[Start of section]
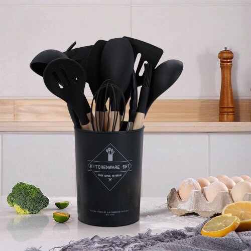 (Black) 11-piece Silicone Kitchen Utensil Set for Nonstick Cookware Non-stick Spatula Bakeware Accessories DescriptionThis silicone cooking utensil set will be your irreplaceable assistant in the kitchen. This set has 11 pieces in total and caters to almost every need in the kitchen. Made from high-quality food-grade silicone, these utensils are durable and heat-resistant up to 446°F (230°C). The soft silicone will not scratch or damage your non-stick pots and pans. And thanks to the material, the utensils are easy to clean as well. Comes in a unified colour, this set will make your kitchen more elegant.
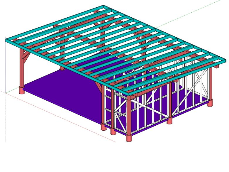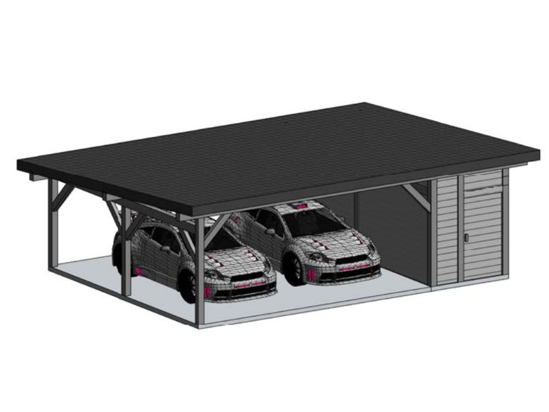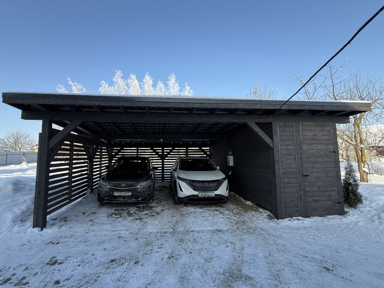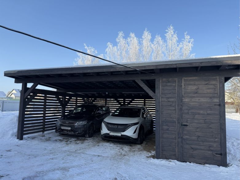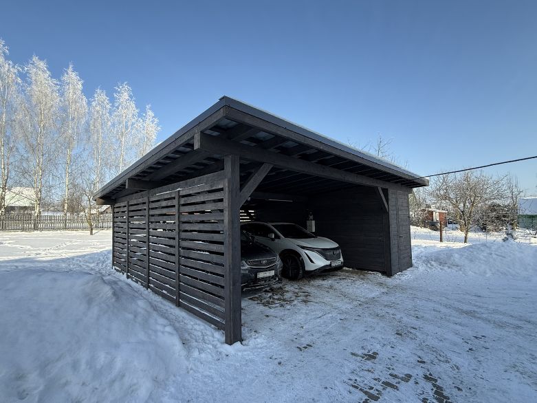 Особенность данного строения заключается в том, что оно объединяет в себе автонавес и хозблок, которые имеют односкатные крыши и в целом выполнены в едином стиле. Конструкция имеет глубину по сваям 6 метров и общую ширину 9 метров, из которых 3 метра отведено под хозблок.
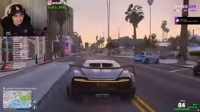 00:34:12Die Spannung kulminiert in einer realen Handlung. Während des Streams erfährt der Streamer von einem Einbruch in sein Anwesen. Er bricht sofort auf, um die Eindringlinge zur Rechenschaft zu ziehen. Es kommt zu einer gefährlichen Verfolgungsjagd durch die Stadt, bei der der Streamer und seine Gefährten auf bewaffnete Gegner treffen. Die Situation ist extrem angespannt, Schüsse werden abgefeuert und der Streamer fordert seine Leute auf, den Verfolgern aufzutauen.
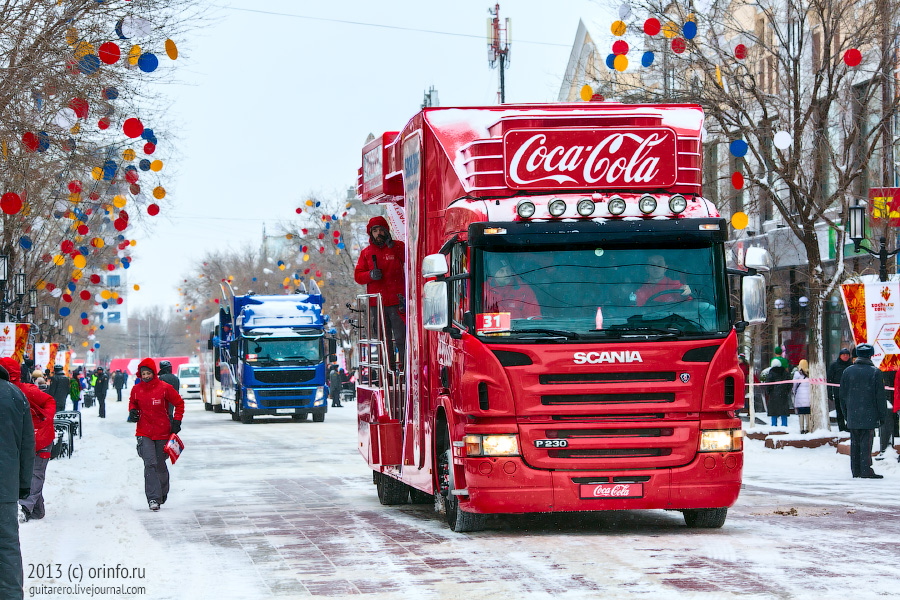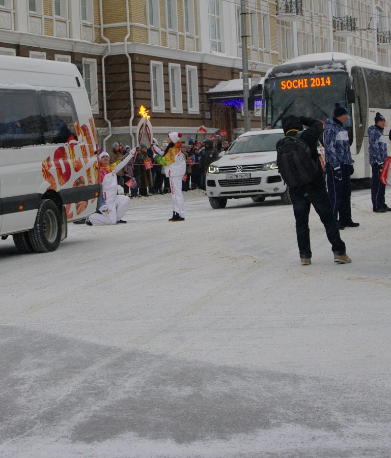 Олимпийский огонь с Привокзальной площади по Парковому проспекту, улицам Цвиллинга и Невельской проследовал на главную улицу областного центра – Советскую.
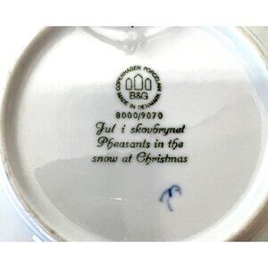 This collectible plate from B&G Copenhagen Porcelain showcases a serene winter scene with pheasants in the snow, crafted in 1970. A perfect addition for collectors of vintage porcelain or holiday-themed decor. The plate is designed for display, featuring intricate details and a classic blue and white color palette.
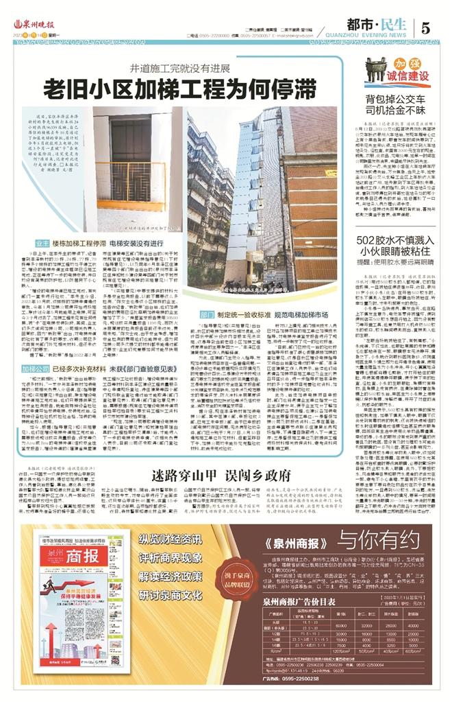 据悉,为制定统一验收标准,规范电梯加梯市场,2022年2月,市住建局等五部门联合出台了《关于城市既有住宅增设电梯指导意见》(下称《指导意见》),同年6月,丰泽区住建局等四个部门联合出台《泉州市丰泽区住房和城乡建设局等四部门关于城市既有住宅增设电梯的实施意见》(下称《实施意见》)。
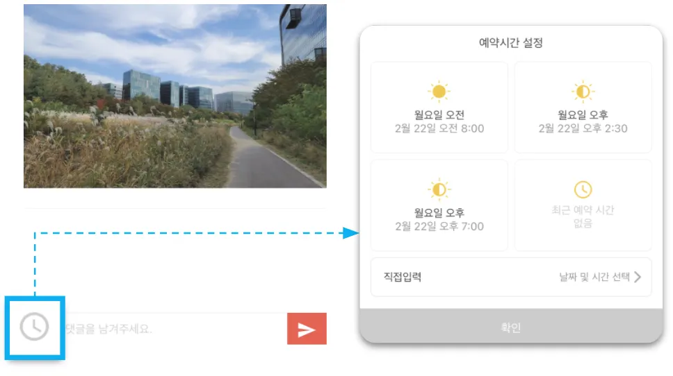 앨범에서도 알림장처럼 댓글 예약 기능을 활용할 수 있습니다.
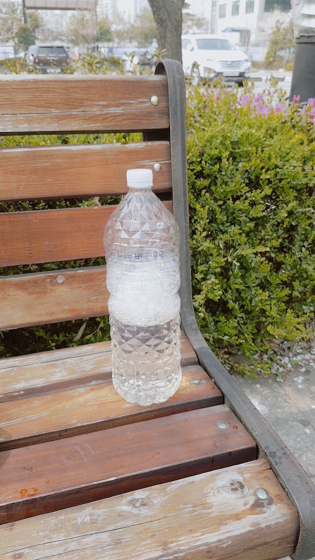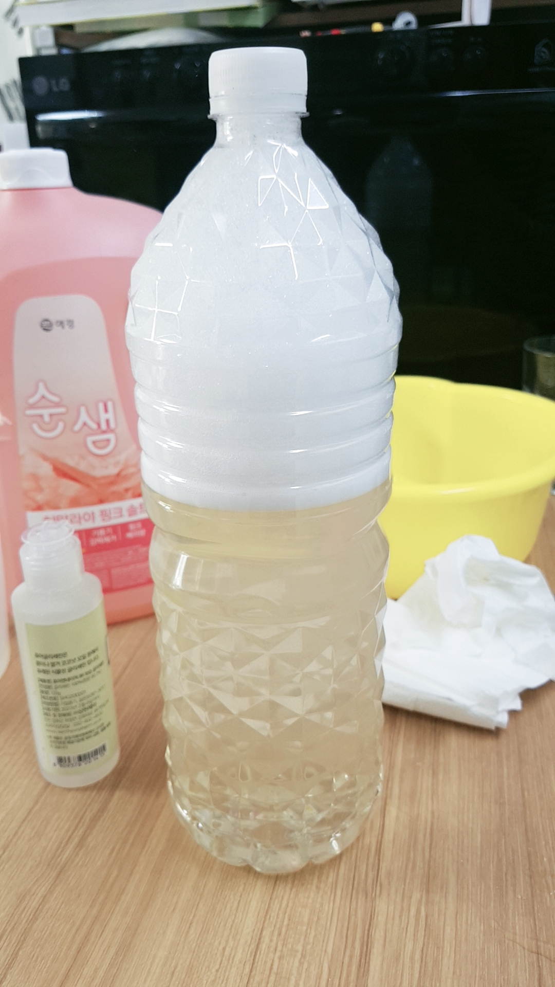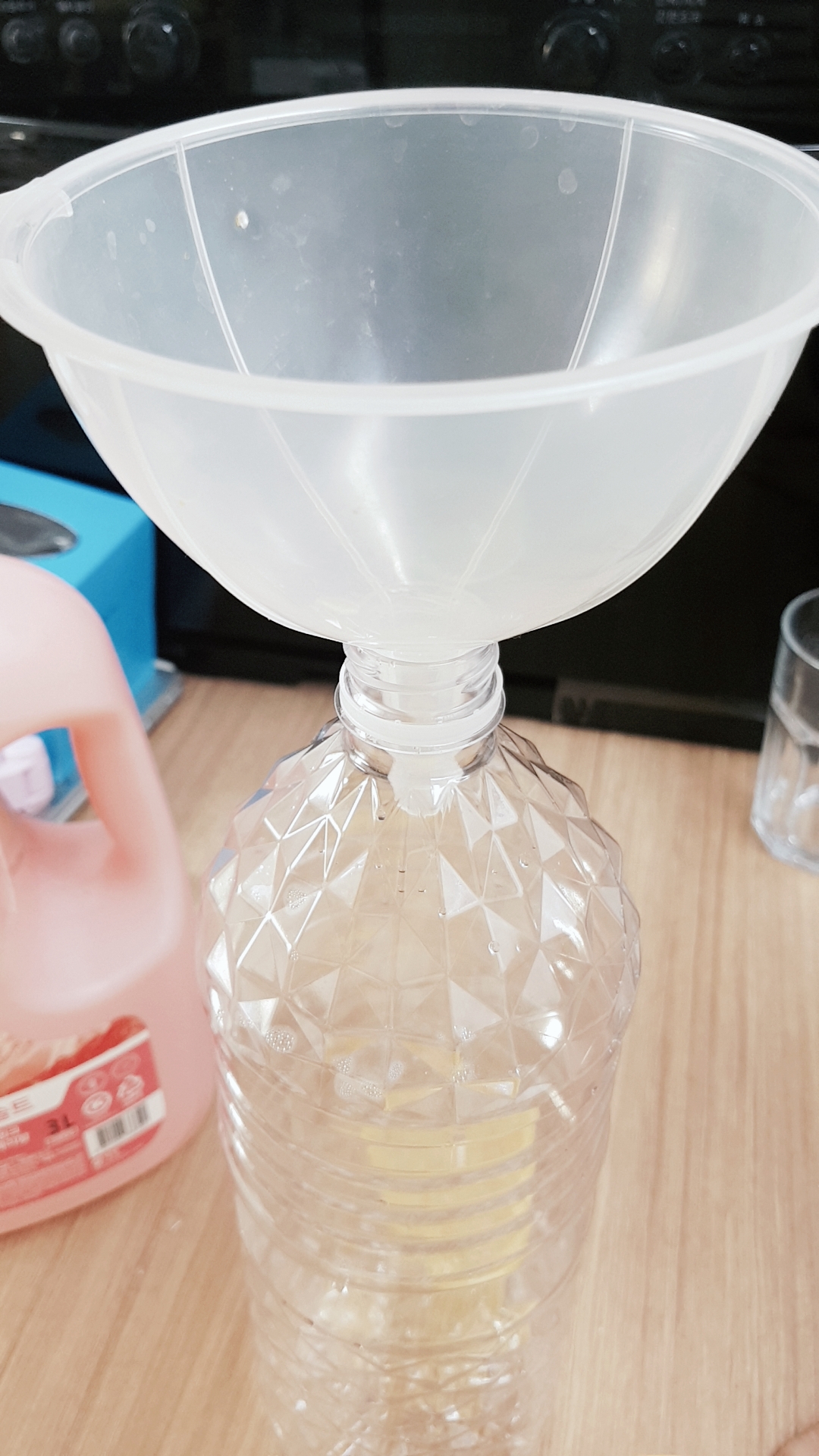 다 마신 생수병 1.5L에 깔떼기를 꽂아서 용액을 넣어줍니다. 붓다보면 깔떼기와 생수병 맞닿은 부분에 거품이 올라올거에요. 천천히 부어주는 게 좋아요. 거품이 생기면 나중에 닦아주면 되지 놀라지 마세요 ㅎㅎㅎ
[End of section]
Give all the entries again exactly, dropping each picture.

**EXERCISE OUTPUT:**
 (Black) 11-piece Silicone Kitchen Utensil Set for Nonstick Cookware Non-stick Spatula Bakeware Accessories DescriptionThis silicone cooking utensil set will be your irreplaceable assistant in the kitchen. This set has 11 pieces in total and caters to almost every need in the kitchen. Made from high-quality food-grade silicone, these utensils are durable and heat-resistant up to 446°F (230°C). The soft silicone will not scratch or damage your non-stick pots and pans. And thanks to the material, the utensils are easy to clean as well. Comes in a unified colour, this set will make your kitchen more elegant.
 Особенность данного строения заключается в том, что оно объединяет в себе автонавес и хозблок, которые имеют односкатные крыши и в целом выполнены в едином стиле. Конструкция имеет глубину по сваям 6 метров и общую ширину 9 метров, из которых 3 метра отведено под хозблок.
 00:34:12Die Spannung kulminiert in einer realen Handlung. Während des Streams erfährt der Streamer von einem Einbruch in sein Anwesen. Er bricht sofort auf, um die Eindringlinge zur Rechenschaft zu ziehen. Es kommt zu einer gefährlichen Verfolgungsjagd durch die Stadt, bei der der Streamer und seine Gefährten auf bewaffnete Gegner treffen. Die Situation ist extrem angespannt, Schüsse werden abgefeuert und der Streamer fordert seine Leute auf, den Verfolgern aufzutauen.
 Олимпийский огонь с Привокзальной площади по Парковому проспекту, улицам Цвиллинга и Невельской проследовал на главную улицу областного центра – Советскую.
 This collectible plate from B&G Copenhagen Porcelain showcases a serene winter scene with pheasants in the snow, crafted in 1970. A perfect addition for collectors of vintage porcelain or holiday-themed decor. The plate is designed for display, featuring intricate details and a classic blue and white color palette.
 据悉,为制定统一验收标准,规范电梯加梯市场,2022年2月,市住建局等五部门联合出台了《关于城市既有住宅增设电梯指导意见》(下称《指导意见》),同年6月,丰泽区住建局等四个部门联合出台《泉州市丰泽区住房和城乡建设局等四部门关于城市既有住宅增设电梯的实施意见》(下称《实施意见》)。
 앨범에서도 알림장처럼 댓글 예약 기능을 활용할 수 있습니다.
 다 마신 생수병 1.5L에 깔떼기를 꽂아서 용액을 넣어줍니다. 붓다보면 깔떼기와 생수병 맞닿은 부분에 거품이 올라올거에요. 천천히 부어주는 게 좋아요. 거품이 생기면 나중에 닦아주면 되지 놀라지 마세요 ㅎㅎㅎ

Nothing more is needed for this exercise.